Jorge Almirón, treinador do Rosario Central, disse isso em entrevista coletiva após a vitória do Central por 2 a 0 sobre o Newell’s, com gols de Angel Di María e Enzo Copetti: Angel (Di María) terminou a partida com o Talleres desconfortável. Ele me disse que estava bem e queria jogar contra o Gimnasia. Qualquer outro jogador hoje não estaria lá. Ele queria jogar. Lesionado e tudo, Angelito se cuidou, correu um pouco, evitou cobranças de falta direta, tentou ser certeiro nos passes e quando teve chances falhou na primeira vez, mas não na segunda.

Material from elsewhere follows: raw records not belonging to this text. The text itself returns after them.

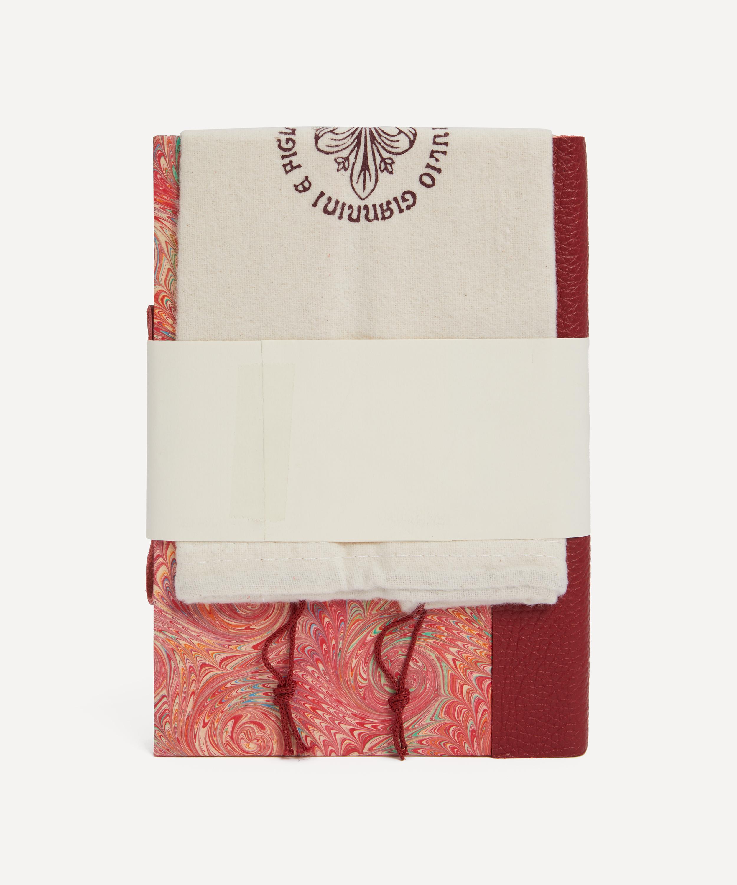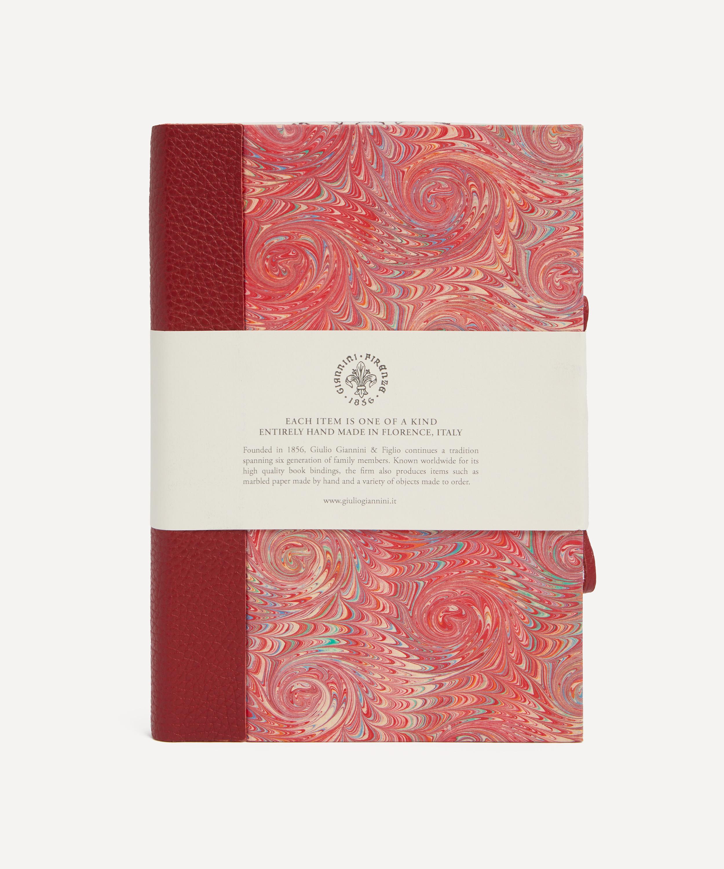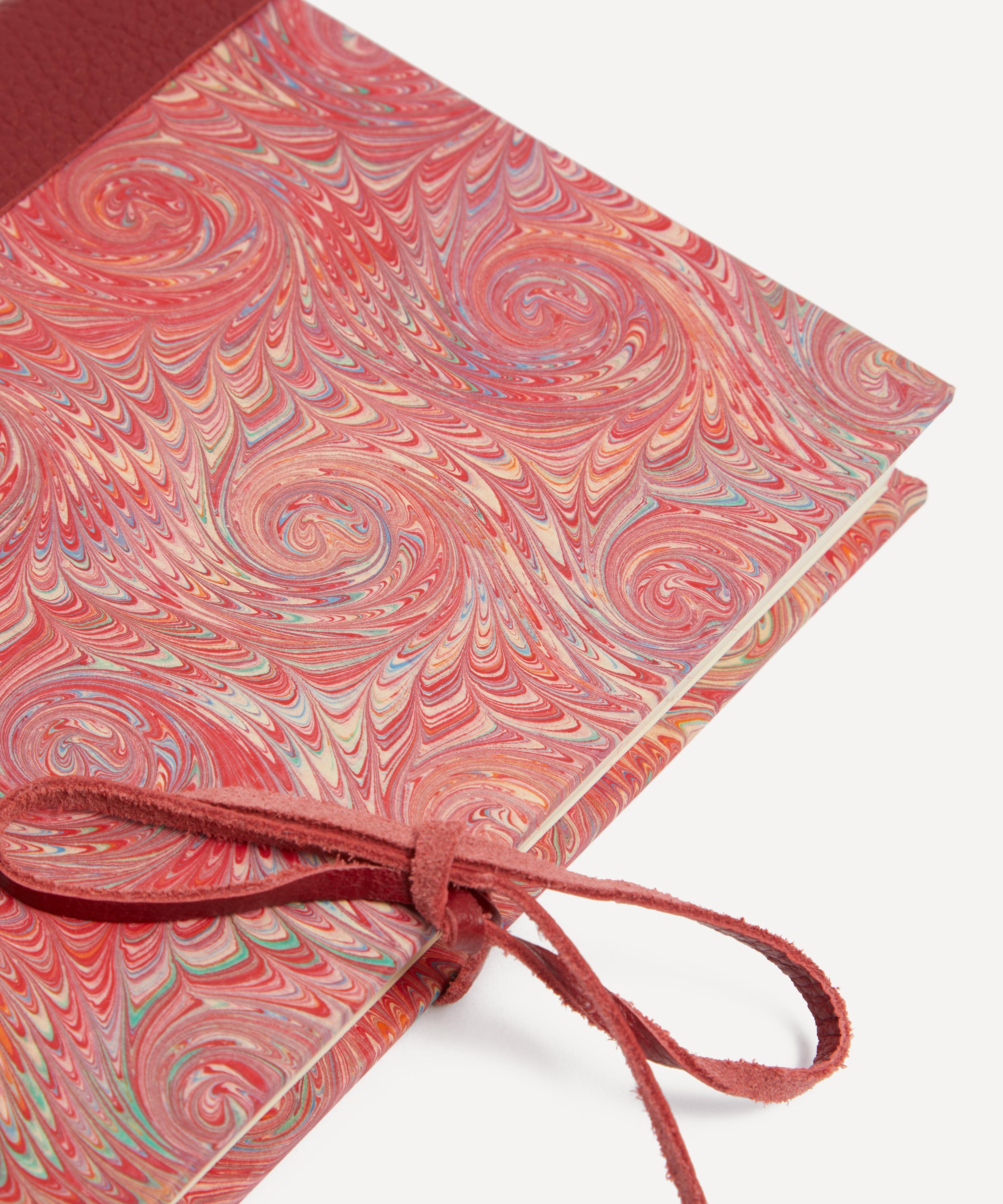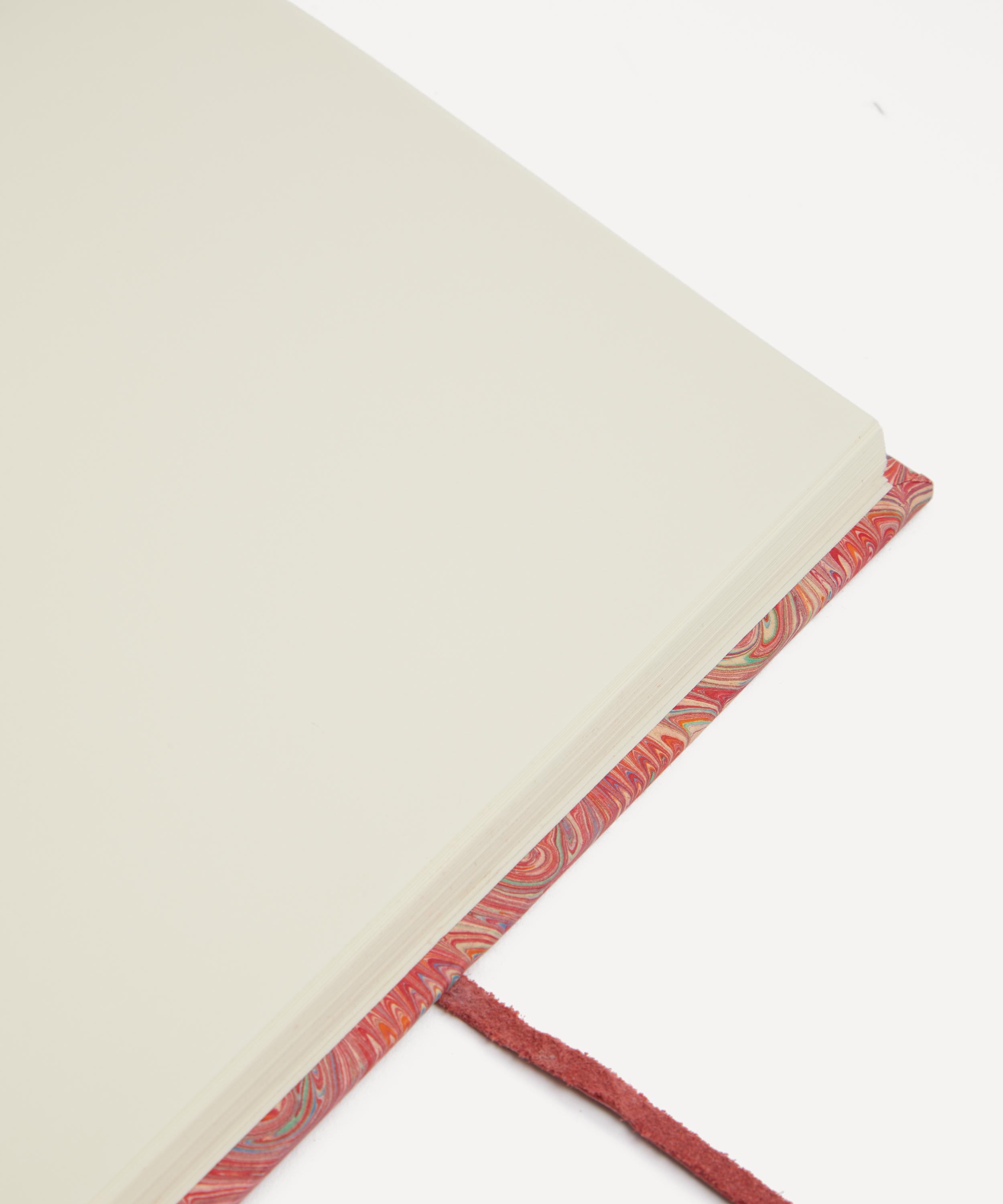Hand marbled in Florence, this notebook has been meticulously crafted using an expertise that has be honed for generations by city natives Giannini at their family-run Bottega d'Arte. Featuring a naturally tanned leather spine and tie with creamy ivory pages, keep this notebook on hand for those sudden bursts of inspiration.
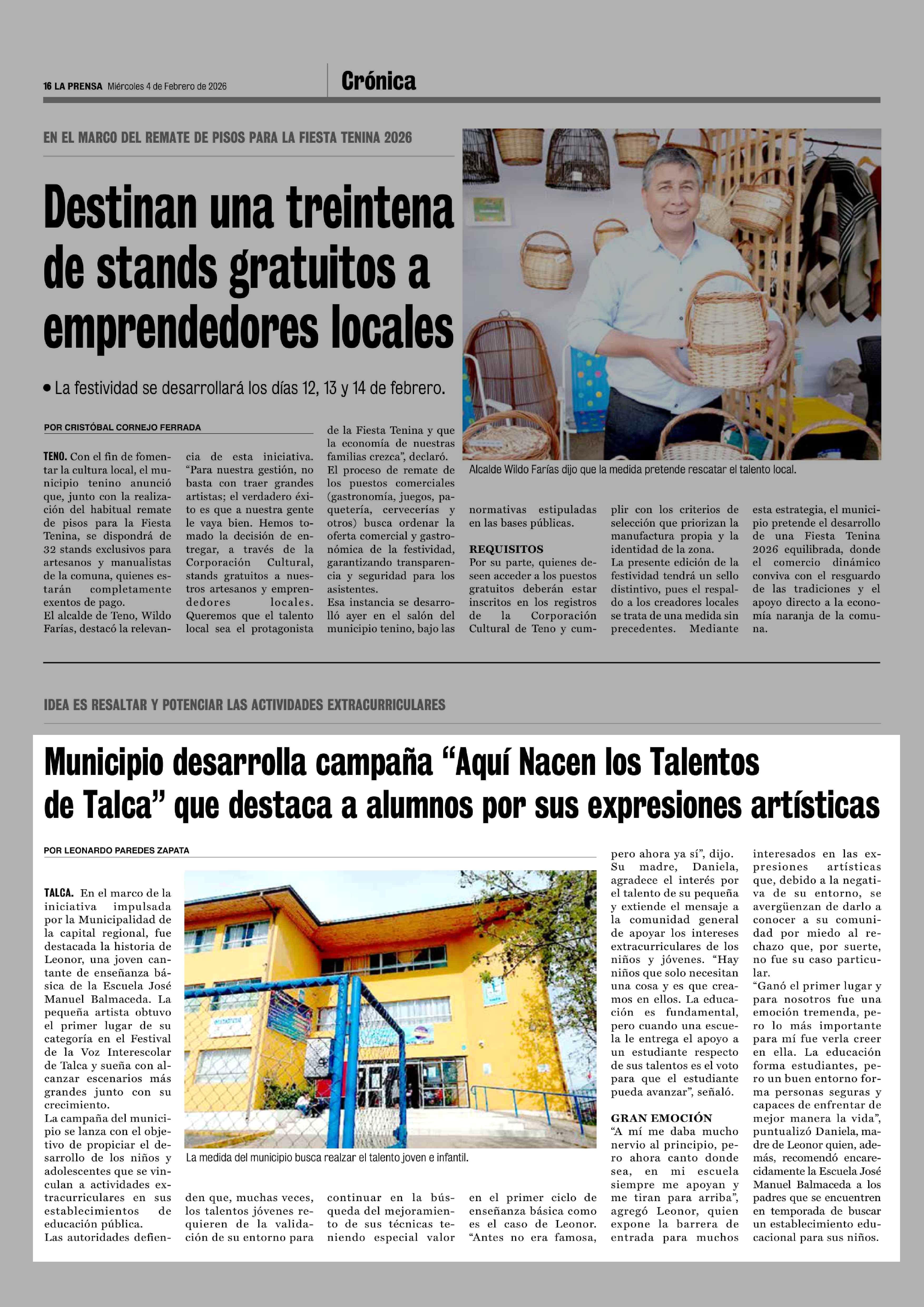 Municipio desarrolla campaña "Aquí Nacen los Talentos de Talca" que destaca a alumnos por sus expresiones artísticas 04-02-2026 La Prensa de Curicó |
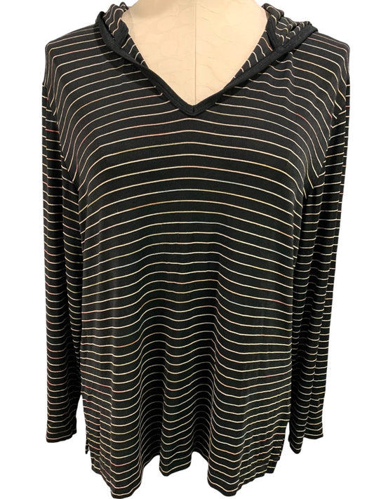 Medium Chico's Travelers Black Striped Pullover Hooded Top Travel Knit
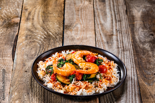 Shrimps with white rice and vegetables on wooden table
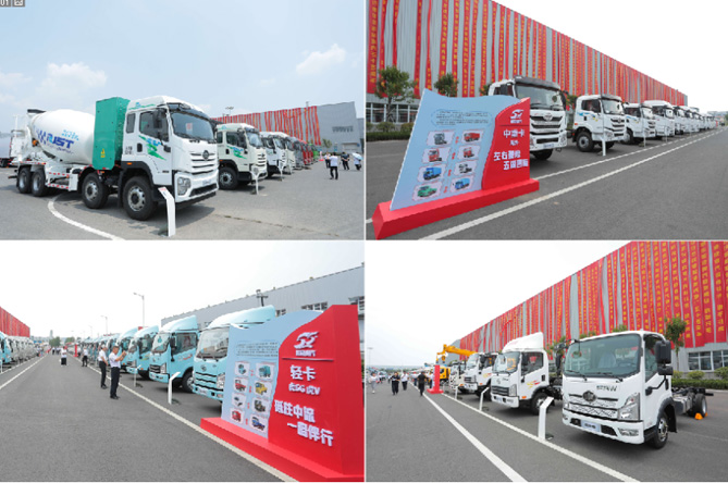 庆典结束,与会嘉宾共同品鉴了涵盖中重卡、轻卡、新能源等13个品类的127台展车。
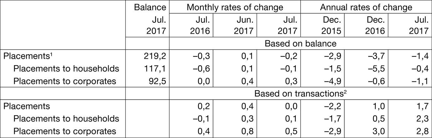 2 The transactions show changes excluding the effects of exchange rate changes, securities price adjustments and write-off of placements, including the sale of placements in the amount of their value adjustment.
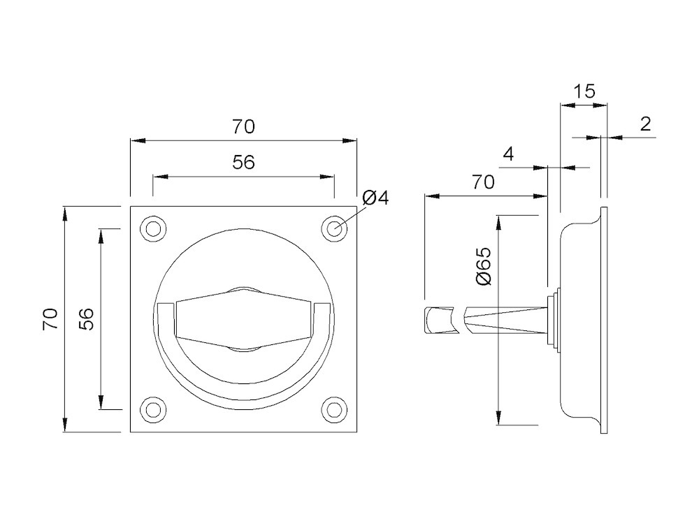 KWS Objekttür Schiebetürmuschelgriff, Modellnummer: 5013, Vierkant: 8, Form: eckig, Befestigungsart: sichtbar verschraubt, Bohrdurchmesser: 65 mm, Material: stahl, Farbe: schwarz, Oberfläche: einbrennlackiert, DIN-Richtung: DIN Links-Rechts, Lagerung: festdrehbar, Türwerkstoff: Holz, Türart: Schiebetür, Ausführung: Lochteil, mit Klappring, Material Griffmulde: stahl, Material Klappring: aluminium, Breite: 70 mm, Länge: 70 mm, Tiefe: 19 mm, Schraublochdurchmesser: 4 mm, Schraublochentfernung 1: 56 mm, Schraublochentfernung 2: 56 mm
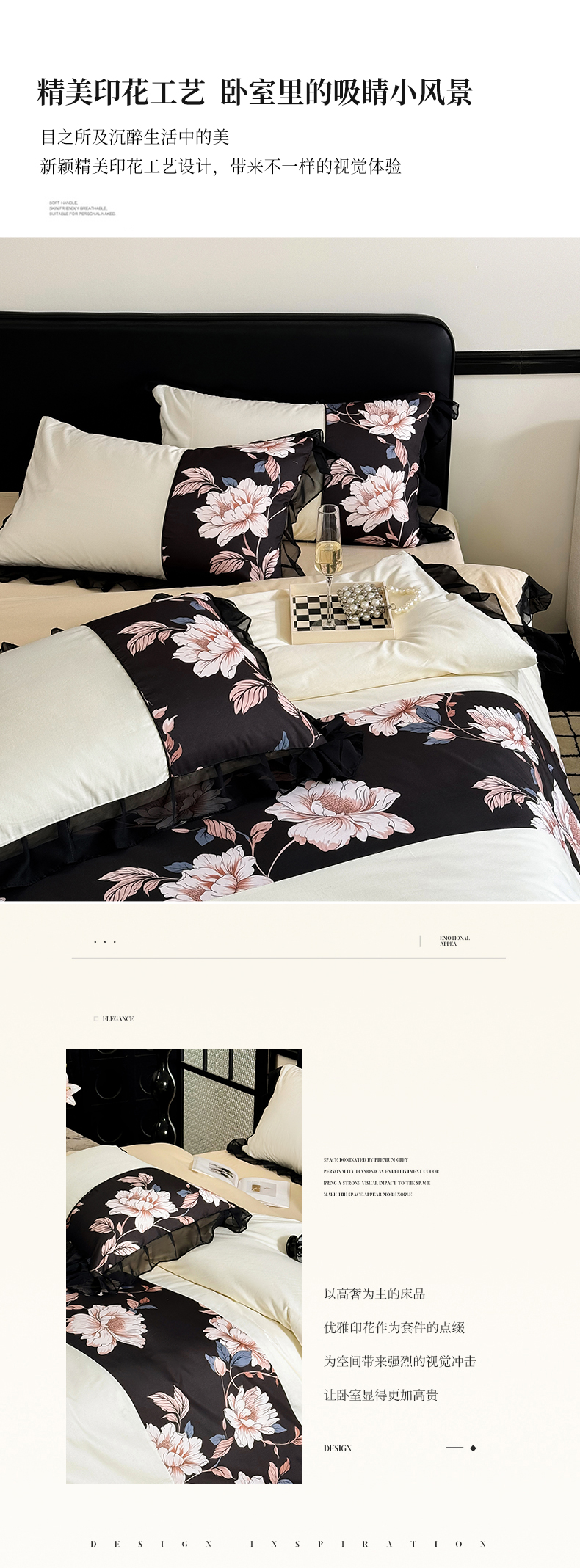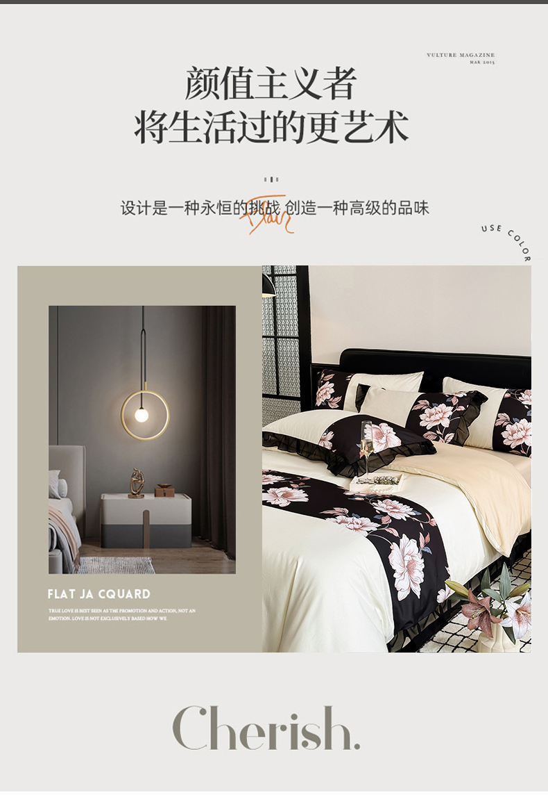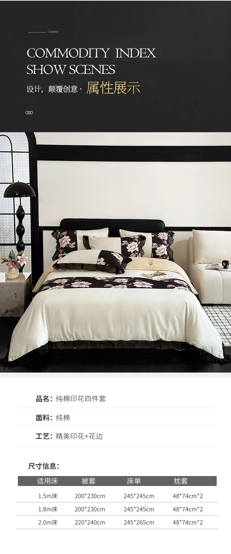商品名称:宅家居 2025新款轻法式复古风拼接印花纯棉长绒棉韩式黑色花边40支全棉四件套-赫琳娜 赫琳娜-奶昔白

O capitão do Rosário confirmou após a partida: “Senti um desconforto no meu adutor, o médico disse que não estava quebrado por causa da dor, era muito forte. Tentei jogar igual, queria jogar igual e decidimos que outros deveriam chutar bolas paradas. Eu sabia que um me serviriar, fiquei convencido e felizmente foi assim. Eu não conseguia chutar, só com ar porque só assim meu adutor não me incomodava e aconteceu assim, inacreditável.”
Ele também era poderoso: “Se não fosse o clássico eu não teria jogado porque estava bastante chateado. Agradeço aos cinesiologistas e ao médico porque desde ontem quando terminou o treino até hoje o colocaram com força total para que ele possa jogar da melhor forma possível. Às vezes eu sentia dor, às vezes não, até marcar o gol e então dizer adeus, pare.”
Voltando ao futebol argentino, Di María fica com tudo. Ele está no modo anjo. Marcou um gol olímpico, outro e esse foi o quarto jogo, sempre com seu mágico pé esquerdo. Se Angelito encerrar a carreira no futebol argentino, no time onde deu os primeiros passos, o epílogo não poderia ser mais perfeito. A história dirá que ele conquistou um título, mesmo que tenha sido uma decisão nas mesas da AFA. Mas isso não diminui o que ele faz aos 38 anos. Todos saem, mesmo feridos.
“SE NÃO FOSSE O CLASSIC COLLECT EU NÃO TERIA JOGADO. SABIA QUE ALGUÉM PARARIA… FUI MUITO PAGO.” Di María confirmou que jogou o Rosario Classic lesionado, motivado pela fé: sobrou um e expulsou!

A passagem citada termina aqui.